> [SOURCE INFORMATION]
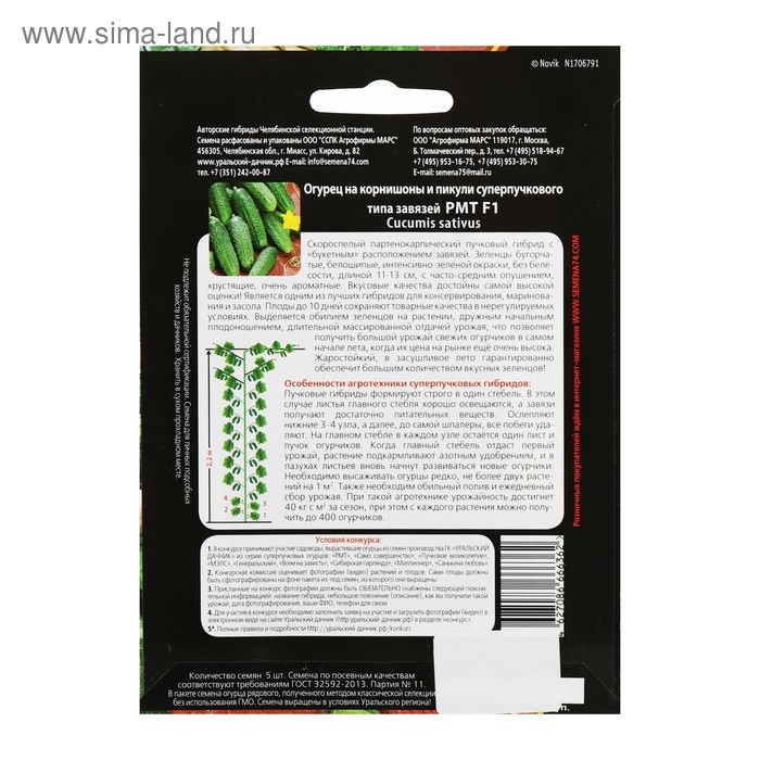 Семена Огурец "РМТ" F1 супербукетный тип, партенокарпический, 5 шт
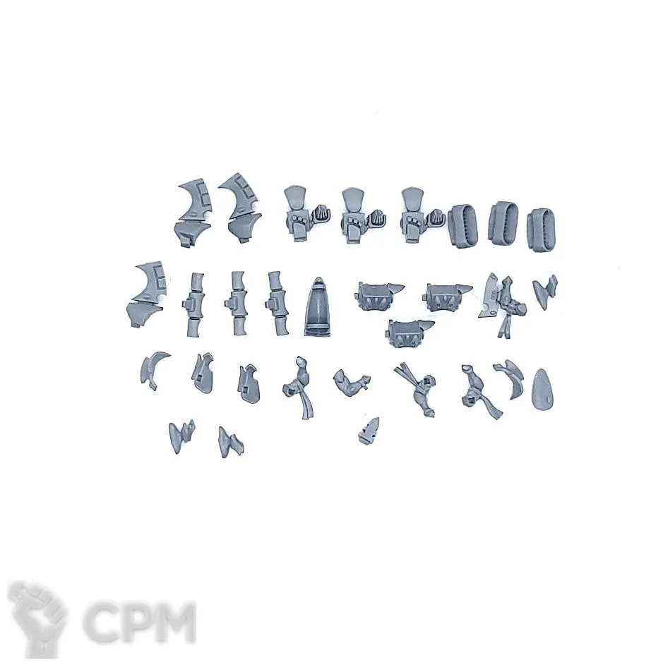 Собакен пришел. На качество литья не буду жаловаться - смола и крупные детали дружат никак. Но недостающие детали - это нехорошо. Точно нет запалов на втором инферно кэнон, нет второй крышки плеча над сервитором, нет одного места крепления силового кабеля к орудию и вызывает подозрения одиночная деталь чьё назначение я пока не нашел.
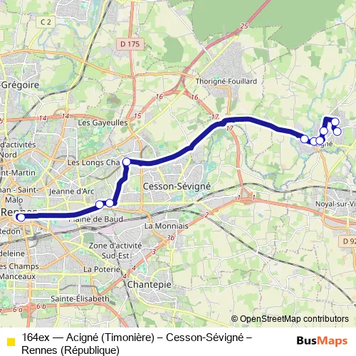 Bus 164ex - Acigné (Timonière) – Cesson-Sévigné – Rennes (République) in Acigne: Stops & Timetable
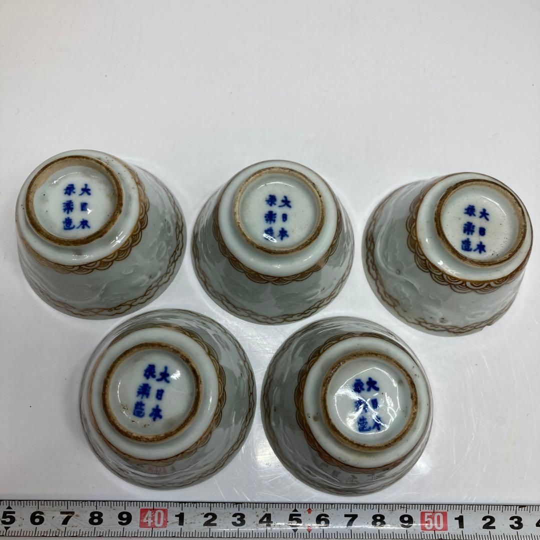 永楽造 龍浮彫図煎茶碗 5客 直径6 5 cm 東H 1030
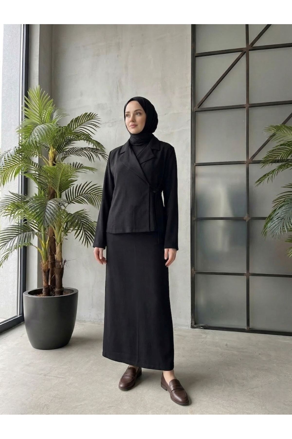 Ceketli İkili Elbise-Siyah
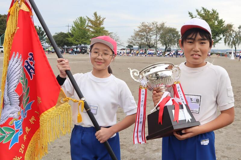 また、本校6年生が作成した応援のぼり旗や同じく5・6年生の子どもたちが定植した「ニチニチソウ」のプランターも会場を彩り、選手の晴れの舞台を演出していました。
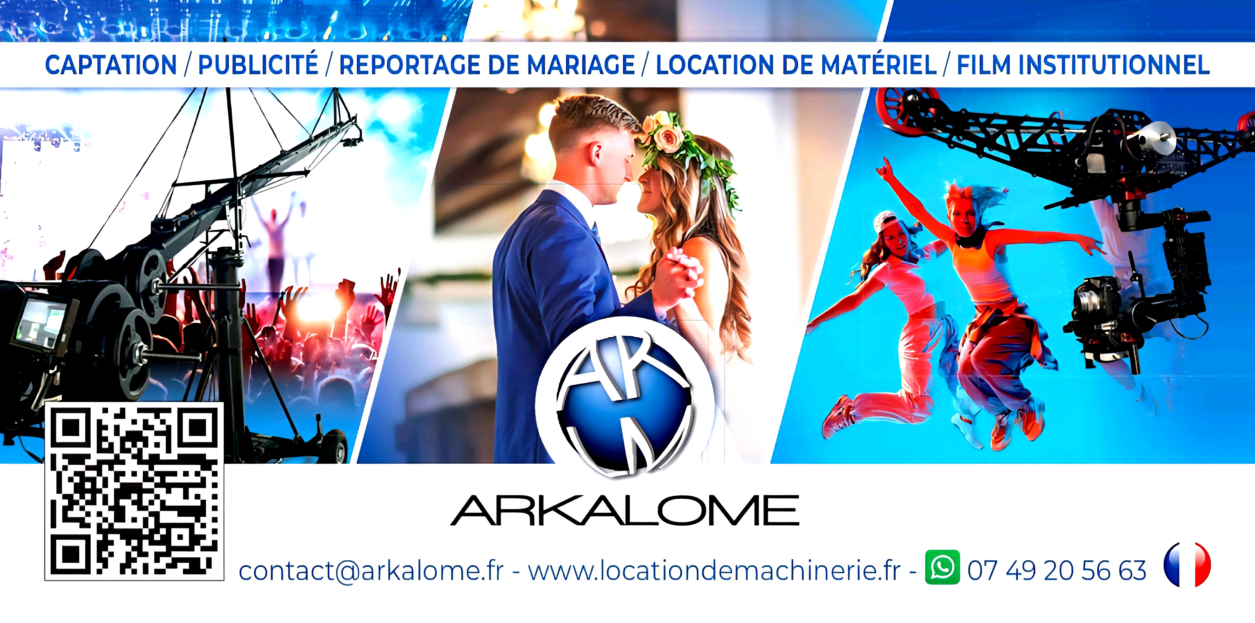 ARKALOME, acteur reconnu dans l'audiovisuel et dans la location de grue vidéo, est présent sur les réseaux sociaux, possède un site internet et mène des campagnes publicitaires pour promouvoir ses services et produits auprès d’un large public.
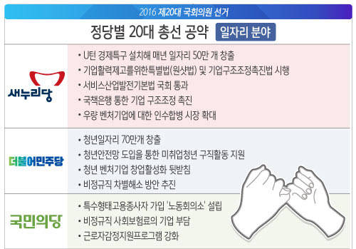일자리 공약도 온도 차가 있다. 새누리당은 내수산업 활성화와 미래성장동력 육성을 일자리 문제 해법으로 제시하지만 더민주당는 청년일자리 만들기에 집중했다. 국민의당은 신성장산업을 육성해야 한다고 했으며 정의당은 일자리 나눔을 강조했다.
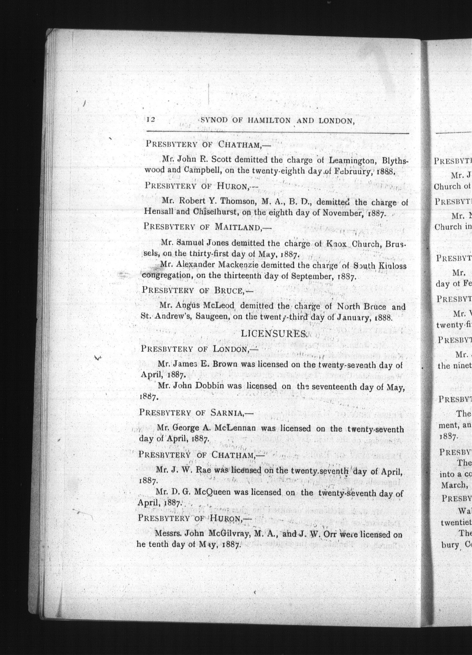 [Ontario] : [Synod of Hamilton and London, of the Presbyterian Church in Canada], 1888; 34 images, 33 avec recherche en texte intégral
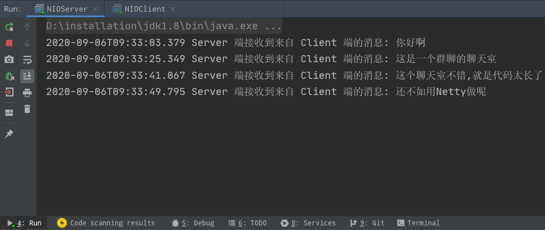 下图可以看见,在客户端给服务器端发送信息,服务器接收到消息后,可以将该条消息分发给其它客户端,就可以实现一个简单的群聊系统,我们还可以给这些客户端贴上标签例如用户姓名,聊天等级······,就可以标识每个客户端啦。在这里由于篇幅原因,我没有写出所有功能,因为使用原生的 NIO 实在是不太便捷。
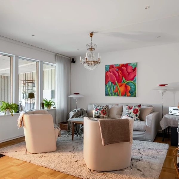 Rymligt vardagsrum som bjuder in till umgänge och avkoppling. Värmande braskamin som inte bara ger värme utan höjer mysfaktorn ytterligare. Härifrån nås den insynsskyddade och stora altanen som är tillbyggd. En perfekt plats för sommarkvällar, lek och lugna stunder. På nedre plan finns även gästtoalett, tvättstuga och ett förråd.
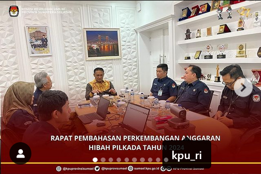 #Temanpemilih, KPU Provinsi Sumatera Selatan melaksanakan rapat perkembangan Anggaran Hibah Pemilihan Serentak Tahun 2024 bersama KPU Kabupaten/ Kota se-Sumatera Selatan secara daring, Selasa (13/8/2024). Turut hadir sebagai narasumber Bapak Rikir, Kasubdit Perencanaan Anggaran Daerah Wilayah II #kpumlayani #pilkadaserentak2024
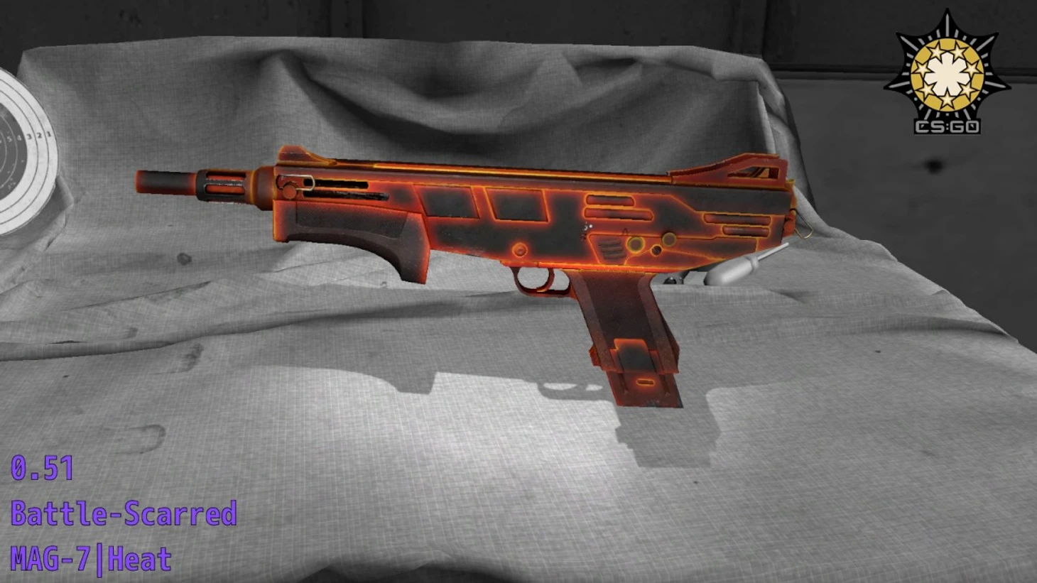 Простейший скин, который хорошо выглядит как в идеальном качестве, так и в поношенном. Сочетание оранжевого и черного цветов создает видимость, что дробовик раскален до предела.
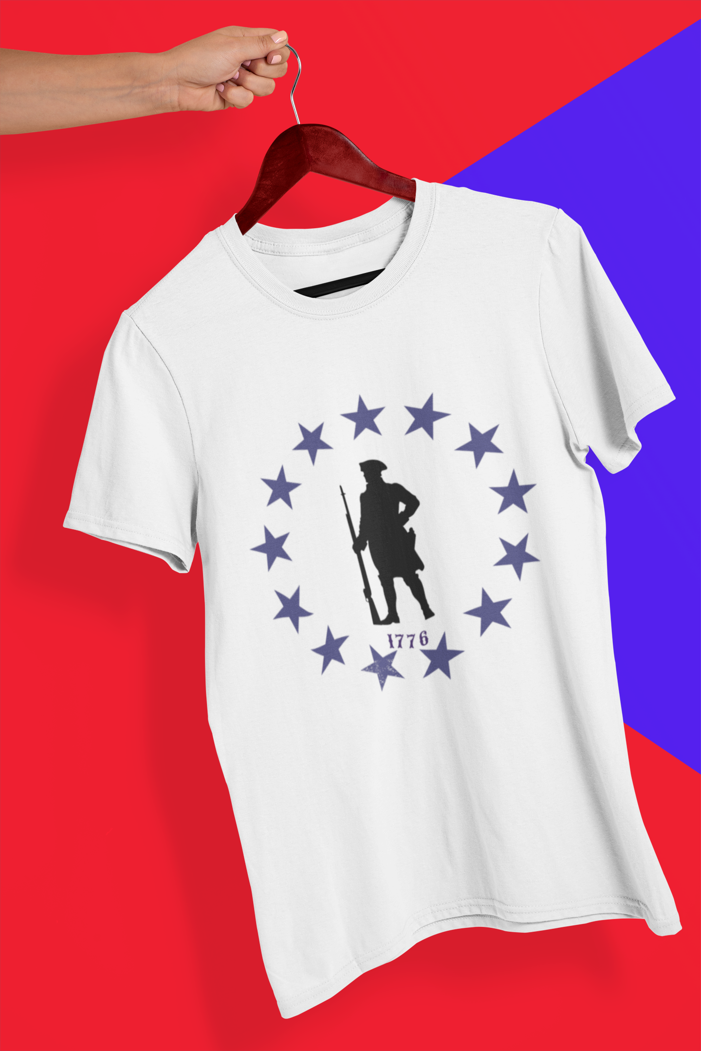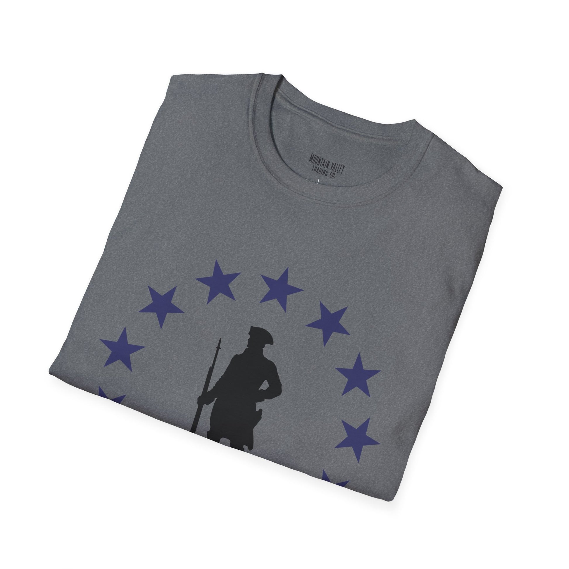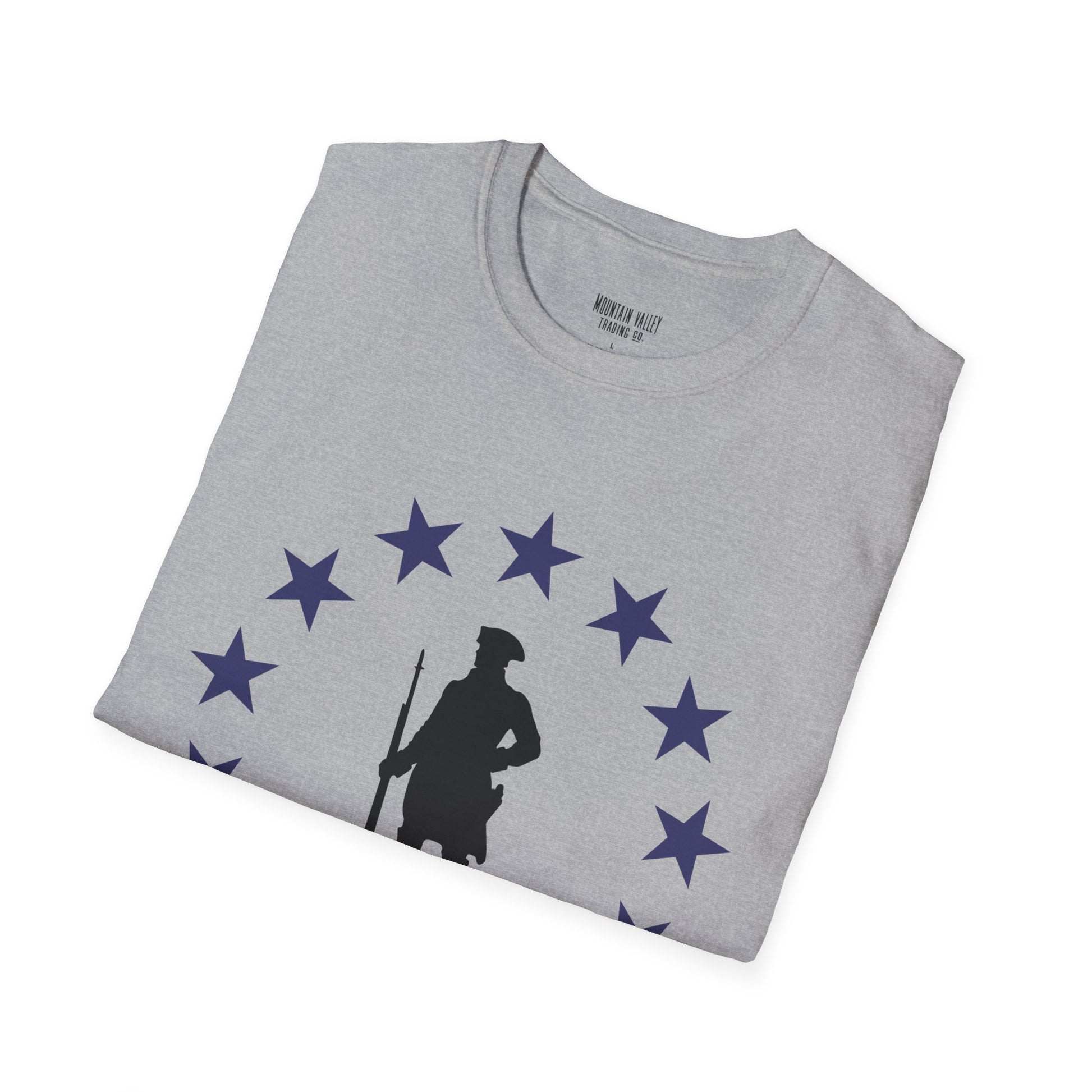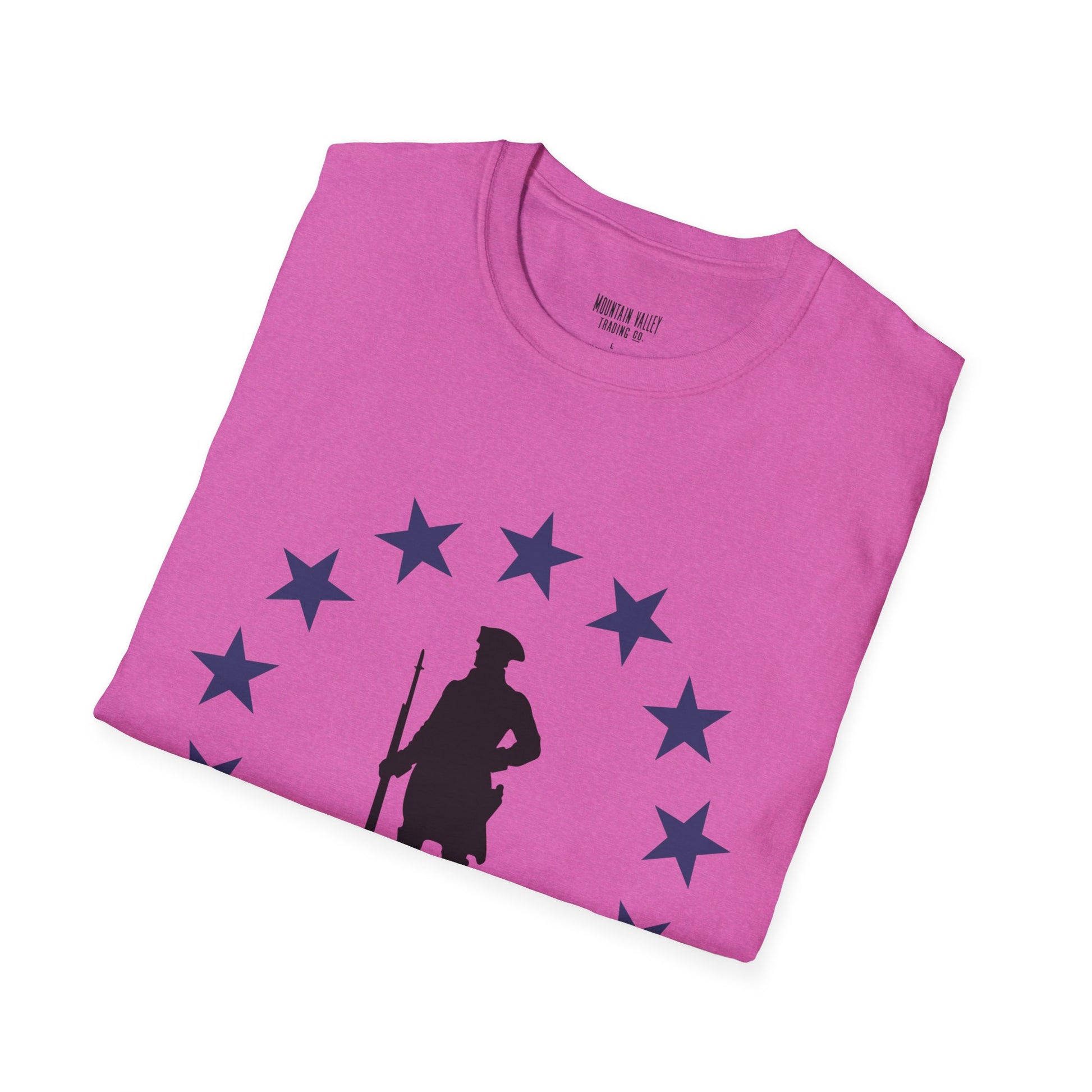 Stand tall with the spirit of the original freedom fighters. This tee features a battle-ready Revolutionary War soldier encircled by stars — a bold nod to the year America declared its independence and dared the impossible. Whether you’re rallying at the grill or marching through your local parade, this shirt says one thing loud and clear:

> [AIM OF THE EXERCISE] Repeat the records in full, exactly as they appear, without the pictures.

> [OUTPUT OF THE TASK]
 Семена Огурец "РМТ" F1 супербукетный тип, партенокарпический, 5 шт
 Собакен пришел. На качество литья не буду жаловаться - смола и крупные детали дружат никак. Но недостающие детали - это нехорошо. Точно нет запалов на втором инферно кэнон, нет второй крышки плеча над сервитором, нет одного места крепления силового кабеля к орудию и вызывает подозрения одиночная деталь чьё назначение я пока не нашел.
 Bus 164ex - Acigné (Timonière) – Cesson-Sévigné – Rennes (République) in Acigne: Stops & Timetable
 永楽造 龍浮彫図煎茶碗 5客 直径6 5 cm 東H 1030
 Ceketli İkili Elbise-Siyah
 また、本校6年生が作成した応援のぼり旗や同じく5・6年生の子どもたちが定植した「ニチニチソウ」のプランターも会場を彩り、選手の晴れの舞台を演出していました。
 ARKALOME, acteur reconnu dans l'audiovisuel et dans la location de grue vidéo, est présent sur les réseaux sociaux, possède un site internet et mène des campagnes publicitaires pour promouvoir ses services et produits auprès d’un large public.
일자리 공약도 온도 차가 있다. 새누리당은 내수산업 활성화와 미래성장동력 육성을 일자리 문제 해법으로 제시하지만 더민주당는 청년일자리 만들기에 집중했다. 국민의당은 신성장산업을 육성해야 한다고 했으며 정의당은 일자리 나눔을 강조했다.
 [Ontario] : [Synod of Hamilton and London, of the Presbyterian Church in Canada], 1888; 34 images, 33 avec recherche en texte intégral
 下图可以看见,在客户端给服务器端发送信息,服务器接收到消息后,可以将该条消息分发给其它客户端,就可以实现一个简单的群聊系统,我们还可以给这些客户端贴上标签例如用户姓名,聊天等级······,就可以标识每个客户端啦。在这里由于篇幅原因,我没有写出所有功能,因为使用原生的 NIO 实在是不太便捷。
 Rymligt vardagsrum som bjuder in till umgänge och avkoppling. Värmande braskamin som inte bara ger värme utan höjer mysfaktorn ytterligare. Härifrån nås den insynsskyddade och stora altanen som är tillbyggd. En perfekt plats för sommarkvällar, lek och lugna stunder. På nedre plan finns även gästtoalett, tvättstuga och ett förråd.
 #Temanpemilih, KPU Provinsi Sumatera Selatan melaksanakan rapat perkembangan Anggaran Hibah Pemilihan Serentak Tahun 2024 bersama KPU Kabupaten/ Kota se-Sumatera Selatan secara daring, Selasa (13/8/2024). Turut hadir sebagai narasumber Bapak Rikir, Kasubdit Perencanaan Anggaran Daerah Wilayah II #kpumlayani #pilkadaserentak2024
 Простейший скин, который хорошо выглядит как в идеальном качестве, так и в поношенном. Сочетание оранжевого и черного цветов создает видимость, что дробовик раскален до предела.
 Stand tall with the spirit of the original freedom fighters. This tee features a battle-ready Revolutionary War soldier encircled by stars — a bold nod to the year America declared its independence and dared the impossible. Whether you’re rallying at the grill or marching through your local parade, this shirt says one thing loud and clear:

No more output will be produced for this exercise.